The residents of Ypatias Street, where the complex will be situated, are appealing against Limassol Municipality’s decision to award a Town Planning Permit for the disputed project to protect their health, quality of life and property.
“We decided to exercise our right of access to justice, as interested citizens who are directly affected by this project because of the significant negative and irreversible effects of the disputed Limassol NEO on our families, our homes as well as on our neighborhood,” Loucia Demetriou of the Ypatias Initiative Group told the Financial Mirror.
“Mainly though, we are exercising our right for justice as active citizens over concern regarding the course that Limassol Municipality has chosen in the name of development and at the expense of the entire city,” she added.
Residents say their quality of life is impacted during the construction with a significant increase in noise, dust and air pollution, traffic load, temporary shading of adjacent homes and the privacy of the neighbouring.
Residents’ lives are negatively impacted not only during the construction but also following the completion of the projects argues Demetriou.
“You cannot imagine the amount of dust entering people’s homes, the air pollution… Roads behind these projects are usually old tight streets, through which trucks have to squeeze through creating an additional burden for the already overloaded traffic in the area.”
She added that the towers are not only taking their toll only on the lives of the residents, but also on the landscape and the environment.
“Projects like the NEO are expected to degrade and alter significantly the landscape of this area, which includes remarkable elements of natural as well as structured environment such as the Municipal Gardens, the Olympia Seafront and remarkable buildings listed for preservation, such as the Pattichio Municipal Museum.”
Demetriou argues that procedures for issuing town planning and building permits have not been followed or put forward for public consultation.
One particular concern is the degradation and inadequate management of the quality of the bathing waters of the Olympia Seafront region and the Limassol Bay in general due to the imminent discharge at sea of large amounts of brackish water and mud resulting from large-scale deep excavations.
Additionally, significant harm of the coastal zone is expected, as the tallest building is planned to be built at a distance of 40-50 metres from the sea, with no provision for high-rises within the coastal protection zone by the national legislation.
“We are trying to stop the course Limassol Municipality has chosen in the name of development which is at the expense of the entire city,” said Demetriou.
She said the Municipality is allowing the uncontrolled and scattered placement of high-rises in the city and especially on the seafront area with serious, negative and irreversible effects on the environment and the quality of life of all the residents.
Echoing Demetriou’s concerns over uncontrolled development, a civil engineer and member of another organised group against Limassol high rises said that local’s beef with the towers is because they are ‘mushrooming’ without any area plan or proper environmental studies, while in many cases proper procedures for licenses were not followed.
Yiannis Kakoulis, representing a group called the Active Citizens’ Initiative Against Tall Buildings told the Financial Mirror that in many cases objections voiced by residents during public consultations are completely ignored.
“There was a public consultation regarding the increase of the building coefficient for the city organised by the Municipality, where a group of citizens voiced their objections.
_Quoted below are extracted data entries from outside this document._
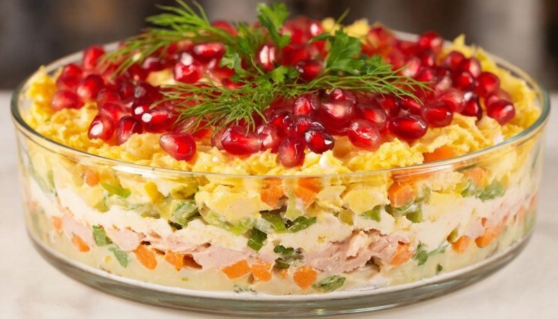Щедро украсьте верх и бока салата зернами граната. Дайте блюду настояться в холодильнике минимум 1-2 часа, чтобы все слои пропитались.
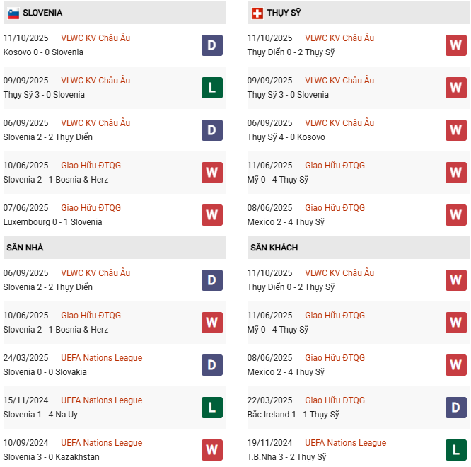 - Trên sân nhà, Slovenia thắng 1, thua 2 trước Thụy Sĩ.
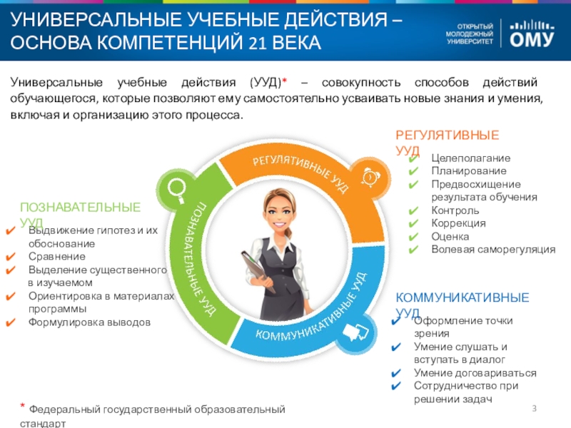 Универсальные учебные действия (УУД)* – совокупность способов действий обучающегося, которые позволяют ему самостоятельно усваивать новые знания и умения, включая и организацию этого процесса.

When we asked for the minutes of the meeting, the Municipality, after initially refusing to do so, gave us a list of conclusions drawn from the meeting. There was no mention of objections voiced.”
He noted that the uncontrolled building of towers without an area plan has its toll on the environment, as a result, environmental studies are being handed in for each project separately without a holistic approach, indicating the overall impact on the surroundings.
“Building skywards without an area plan and an overall environmental plan will see Limassol’s climate change. Temperatures within the city have already risen due to the towers mushrooming on the seafront, cutting off the cool air coming from the Mediterranean,” said Kakoulis.
He noted that another environmental issue is seawater being pumped from the foundation of these buildings back to sea.
“The seafront of Limassol is being taken over by tall buildings, while the city which is home to 250,000 people is left without any green space or squares or parks. There is no infrastructure either. These buildings will increase the needs for wider roads and parking spaces, which the city simply does not have.”
Kakoulis said that citizens reacting against the high-rises are not against development.
“We just have to decide what kind of development it is we want and need. The city does not need more cement or high riser and hotels. What the city needs are sustainable development which will take into consideration the environment and the health of residents.”